The punishment was death by stoning. The crime? Having a mobile phone.
This barbaric form of execution is on the rise, and campaigners are calling on the UN to act.
Two months ago, a young mother of two was stoned to death by her relatives on the order of a tribal court in Pakistan. Her crime: possession of a mobile phone.
Arifa Bibi’s uncle, cousins and others hurled stones and bricks at her until she died, according to media reports. She was buried in a desert far from her village. It’s unlikely anyone was arrested. Her case is not unique. Stoning is legal or practised in at least 15 countries or regions. And campaigners fear this barbaric form of execution may be on the rise, particularly in Pakistan, Afghanistan and Iraq.
Women’s rights activists have launched an international campaign for a ban on stoning, which is mostly inflicted on women accused of adultery. They are using Twitter and other social media to put pressure on the United Nations Secretary General, Ban Ki-moon, to denounce the practice.
“Stoning is a cruel and hideous punishment. It is a form of torturing someone to death,” said Naureen Shameem of the international rights group Women Living Under Muslim Laws. “It is one of the most brutal forms of violence perpetrated against women in order to control and punish their sexuality and basic freedoms.”
She said activists will also push the UN to adopt a resolution on stoning similar to the one passed last year on eradicating female genital mutilation – another form of violence against women often justified on religious and cultural grounds.
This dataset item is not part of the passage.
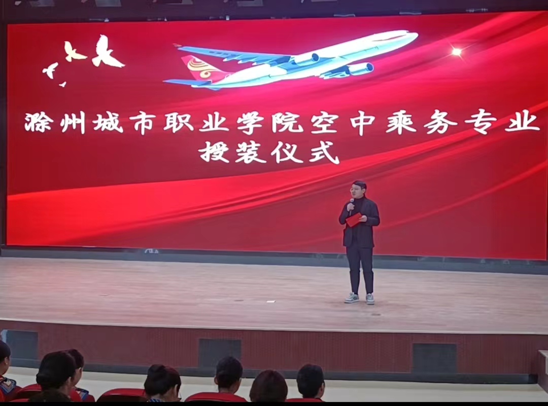 授装仪式在嘹亮的国歌声中拉开帷幕。滁州城市职业学院党委委员施向阳致辞。施向阳对2023级空中乘务专业同学的精神面貌、专业知识给予了高度的肯定,鼓励同学们守护制服荣誉感,并勉励同学们要有忠诚担当的政治品格、严谨科学的专业精神、团结协作的工作作风和敬业奉献的职业操守。“在大学时光里用积极的行动去努力拼搏,在‘民航强国’的战略背景下为未来民航事业的发展贡献自己的青春与智慧。”

Stoning is not legal in most Muslim countries and there is no mention of it in the Koran. But supporters argue that it is legitimised by the Hadith – the acts and sayings of the Prophet Mohamed. Stoning is set out as a specific punishment for adultery under several interpretations of sharia or Islamic law. In some instances, even a woman saying she has been raped can be considered an admission to the crime of zina (sex outside marriage).
In one case cited by Shameem, a 13-year-old Somali girl, Aisha Ibrahim Duhulow, was buried up to her neck and stoned by 50 men in front of 1,000 people at a stadium in Kismayu in 2008. Her father told Amnesty International she had been raped by three men but was accused of adultery when she tried to report the rape to the al-Shabaab militia in control of the city.